## Data
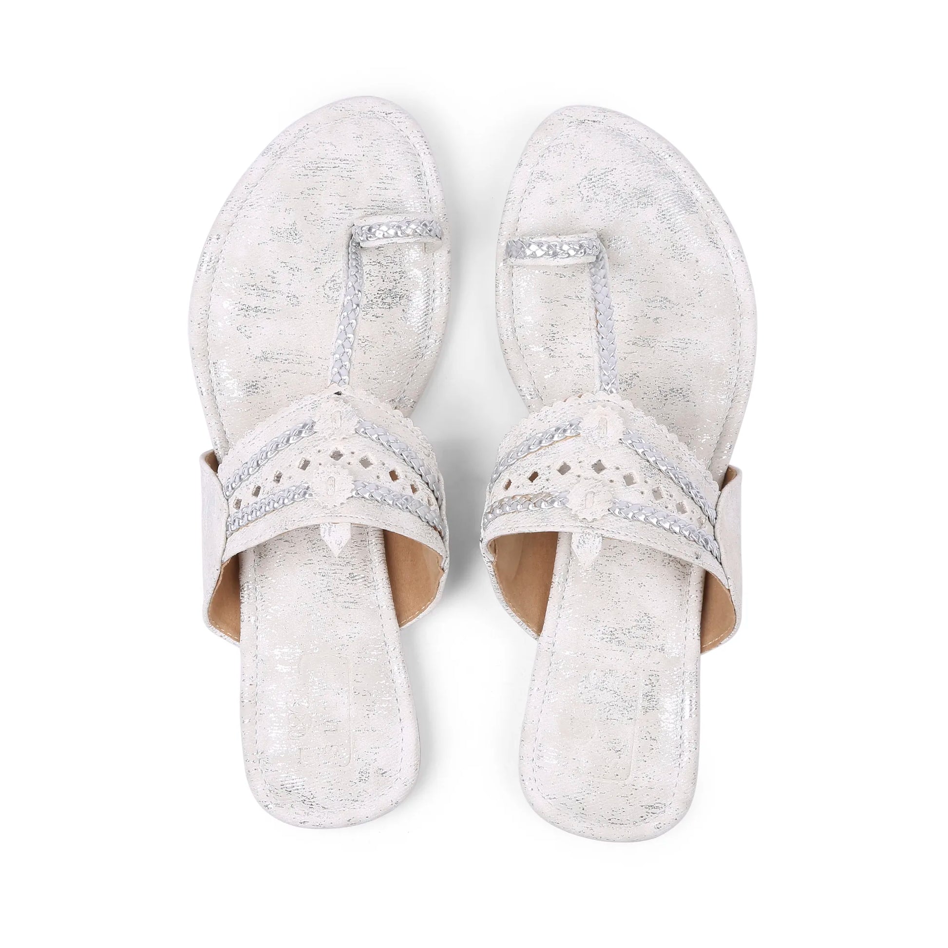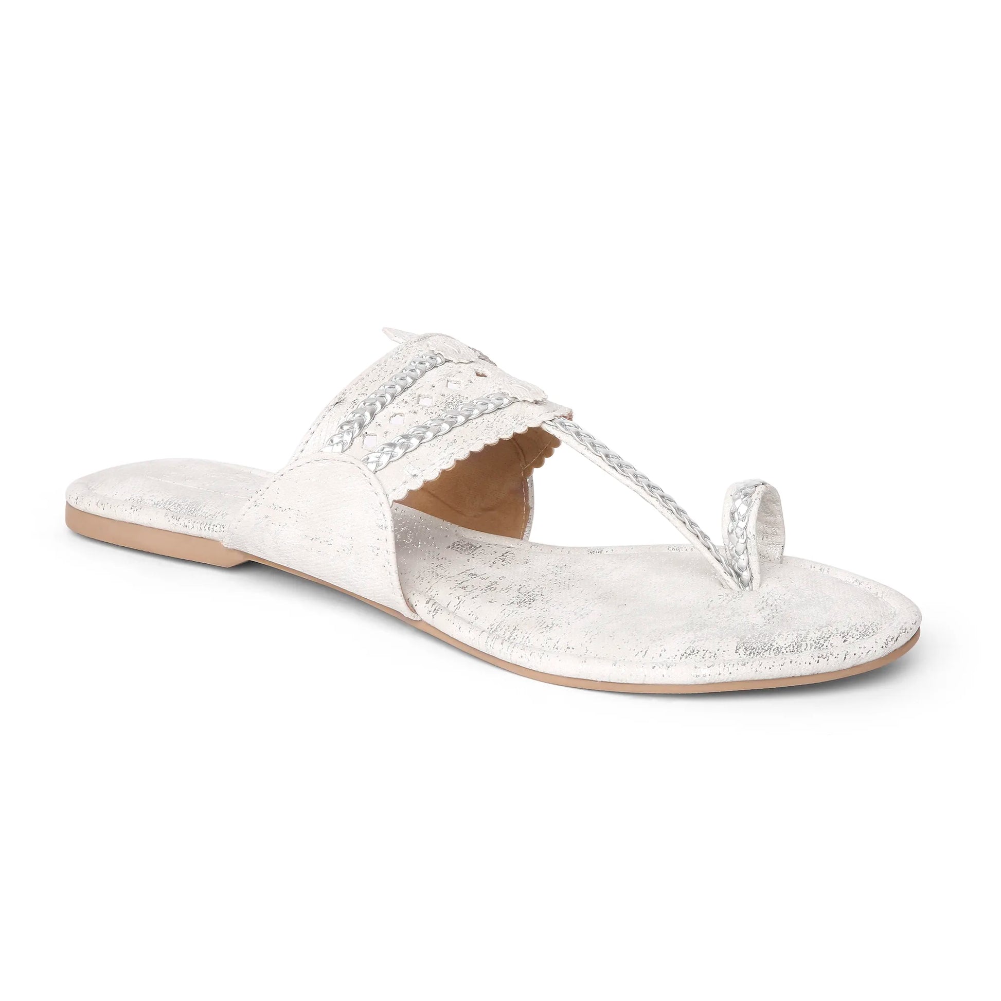 Step into elegance with these stunning silver ethnic kolhapuri flats. Crafted with a metallic shimmer finish, these sandals feature intricate cutwork detailing and a braided toe loop design for a blend of traditional charm and modern flair. The soft cushioned footbed ensures all-day comfort, while the slip-on style makes them perfect for effortless wear.
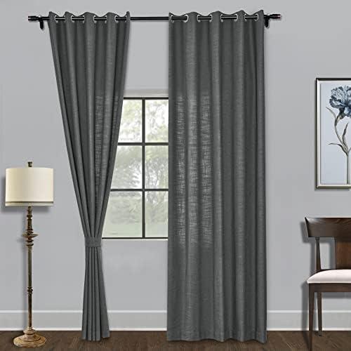 These stylish and functional drapes effectively block out unwanted light, creating a serene atmosphere in any room. Made from a rich blend of natural linen fabric and heavy-weight material, they not only offer a soft-touch feel but also provide excellent thermal insulation and noise reduction. The measurements of 100 inches in width and 102 inches in length make them ideal for larger windows or as room dividers. They feature 14 nickel grommets that fit well with standard curtain rods, making installation a breeze. Additionally, matching tiebacks are included, allowing for versatile styling options.
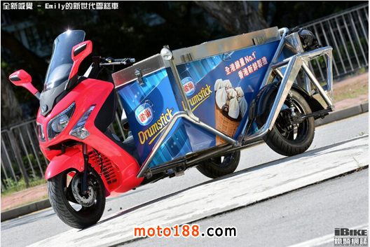 只要是香港人,一講起雪榚車,腦海馬上會聯(lián)想到兩種車:播著藍色多惱河音樂的軟雪榚車,和有一個巨形冰柜的三輪電單車。常見的三輪雪榚電單車,通常都是一位伯伯,開著偉士牌綿羊。所以當我們看見Emily開著她雪榚電單車時,簡直不敢相信自己的眼睛:賣雪榚的人,竟然由伯伯變?yōu)榻憬?。偉士手波鐵殼二沖綿羊,也變?yōu)槿朣YM Joymax 300i自動波綿羊,世界真的變了。
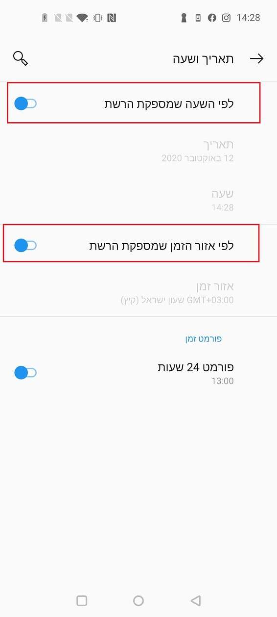 כעת, ודאו כי "לפני השעה שמספקת הרשת" דולק, וגם "לפי אזור הזמן שמספקת הרשת".
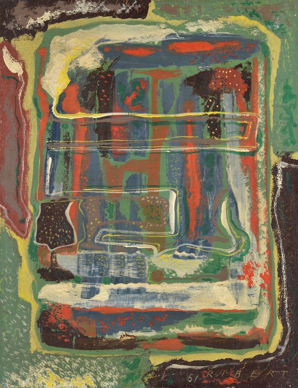Composition abstraite, huile sur carton, signée Ribert, datée 51 et cachet Fustier au dos, 40x30 cm
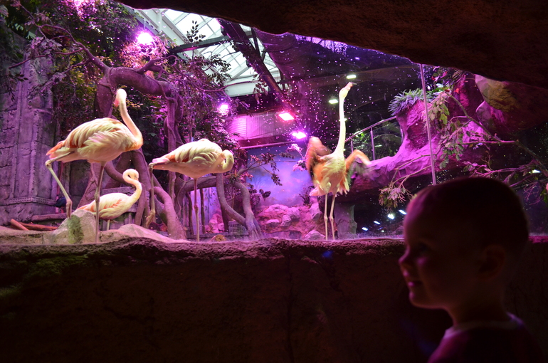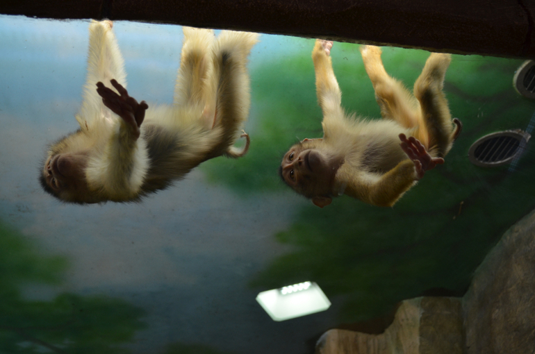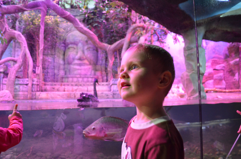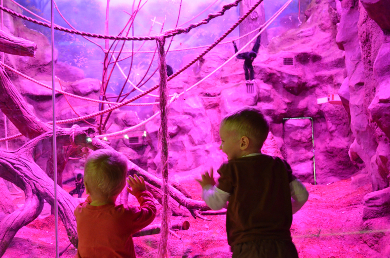 Детям больше всего понравились рыбы, которых можно и в любом гипермаркете в рыбном отделе посмотреть. К обезьянам особенного интереса не проявили, как ни странно. Кажущаяся заинтересованность на фото - результат наших с подругой стараний удержать детей подольше на одном месте и самим посмотреть)). Обезьяны по ту сторону стекла были спокойнее, чем наши две.

## Exercise goal
From the material above, reproduce only what runs from the line holding "כעת, ודאו כי" down to the line holding "Composition abstraite, huile", both included, pictures excluded.

## Response to this task
 כעת, ודאו כי "לפני השעה שמספקת הרשת" דולק, וגם "לפי אזור הזמן שמספקת הרשת".
Composition abstraite, huile sur carton, signée Ribert, datée 51 et cachet Fustier au dos, 40x30 cm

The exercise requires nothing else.